Kell does that a lot on the new album. You can hear it in some novel song introductions – like on “Lucky Dog,” which begins with a funky but muted harmonica-guitar give-and-take (I think) before exploding into a Little Richard-like rocker about a loyal pooch – and throughout 13 generally strong songs that bounce far from the blues and back again, like the rubber ball inevitably getting drawn back to the paddle.
Kell’s certainly an able guitarist, but he’s not from the school of wanker blues. As the opening song suggests, he’s a confident frontman who doesn’t need to hog the spotlight. There are as many piano solos (by Rick Stoneking, who also penned the horn-punctuated “What’s on Your Mind”) and harmonica blows as guitar breaks, and that gives the record a loose and easy band feel.
Some of the slower songs, though, suffer without a driving musical backdrop, and Kell’s voice by itself has trouble carrying the load. His vocals can fill up a song, but he seems to require a compelling safety net underneath. That’s not so much a criticism of the singer as the songs. “What Can We Do Now” sounds aborted, fading out like a thought abandoned in mid-expression. The political ballad “A Charles Towne Aire” is far too earnest and sappy for its own good, a lesson that it’s great to stretch boundaries, but sometimes it just doesn’t work.

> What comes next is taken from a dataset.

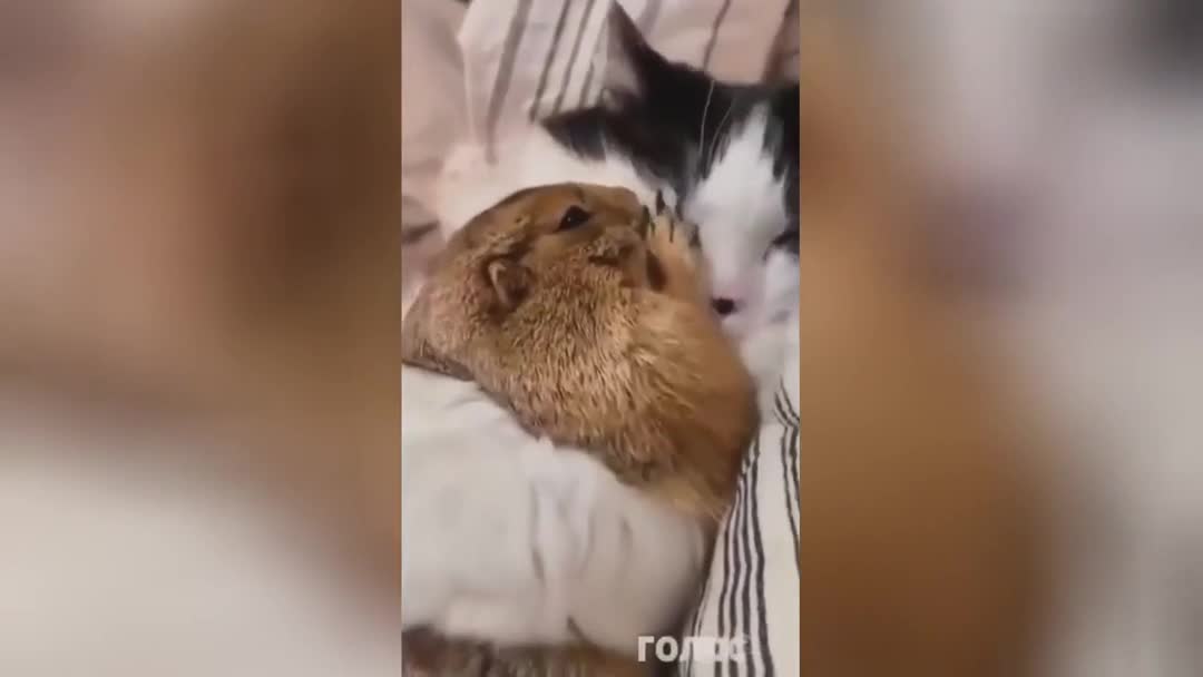 «Не отпущу»: обнимашки кота с сурком заставили Сеть вздыхать от умиления

Fortunately, Kell and Company step right more frequently than wrong. The bad taste of “A Charles Towne Aire” is quickly erased by the simple, youthful boogie fun of “Roadsong”: “It’s my own song / It took me so long.”

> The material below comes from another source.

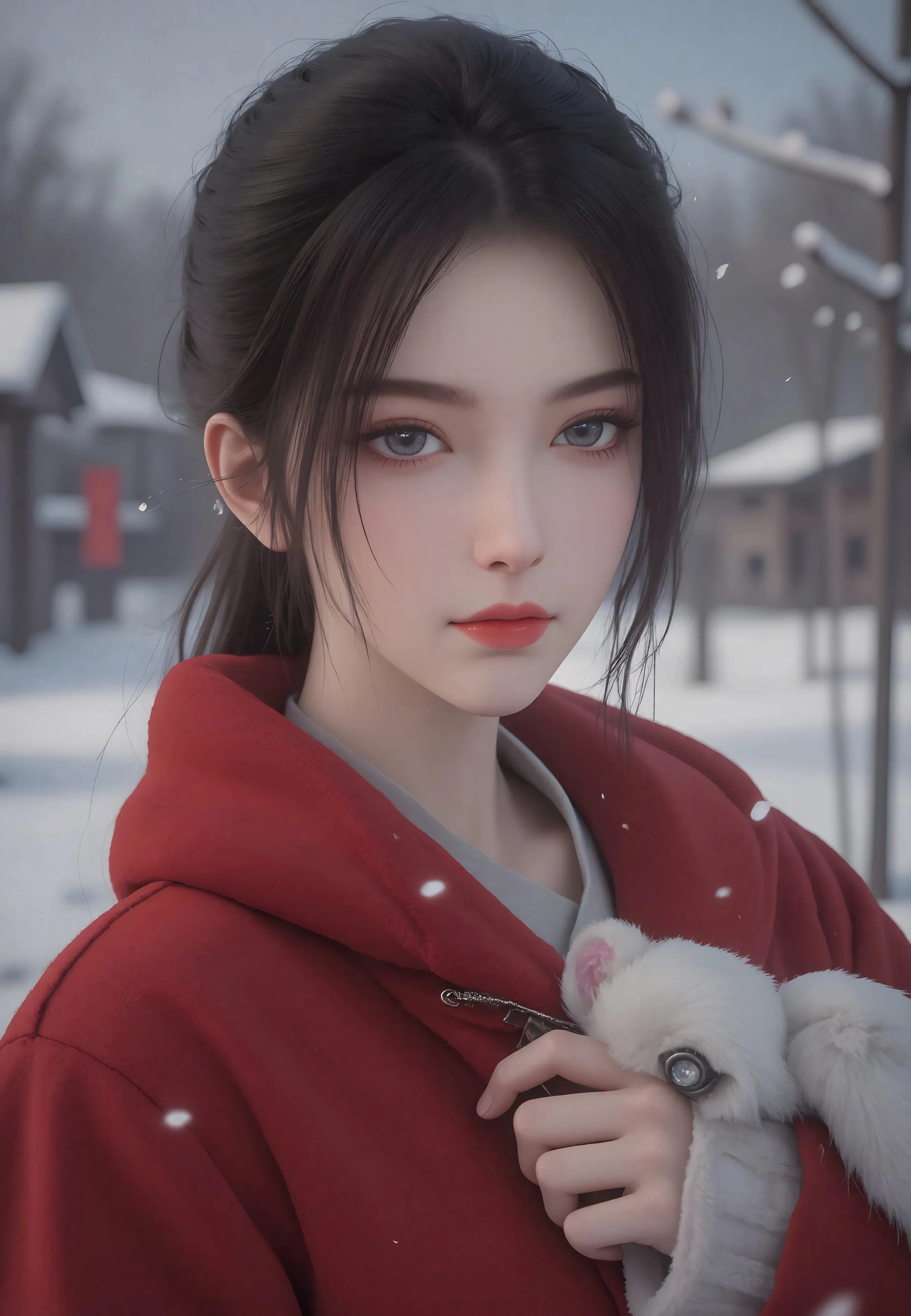 冬 红色衣服 女孩 4k 手机 壁纸 竖屏 动漫 手机壁纸 2K壁纸

“Sticks ‘n Stones” is a good ol’ fashioned folk song with a nice Irish flavor supplied by flute and whistle, and some backward-tape effects that sound just as natural as could be. “Tilta Whirl” lurches about, an effective musical metaphor for discombobulation. And “Country Blues” is an effectively Western take on his signature style, perfect for a campfire jam.
If there’s a downside to playing whatever felt right, it’s that 2000 lacks cohesion and a unity of purpose. Kell seemed to understand that; he’s sequenced the album in an alternating blues/not-blues way, making sure that fans don’t have to wait too long before they get what they came for.
And Kell keeps coming back to the blues. While the other material is nearly always serviceable and often quite good, when you’ve got the blues ringing in your ears, it’s wise to heed the call.
And digressions aside, the reason to buy Ellis Kell Band & Friends 2000 is the blues. Kell’s gifts are ample, and he has a keen sense of the studio. It’s always difficult to capture the blues in sterile surroundings without an audience; the songs often feel like blueprints for live performance.
But the blues of 2000 lose nothing on CD. They’re as vital and heartfelt as they could ever be.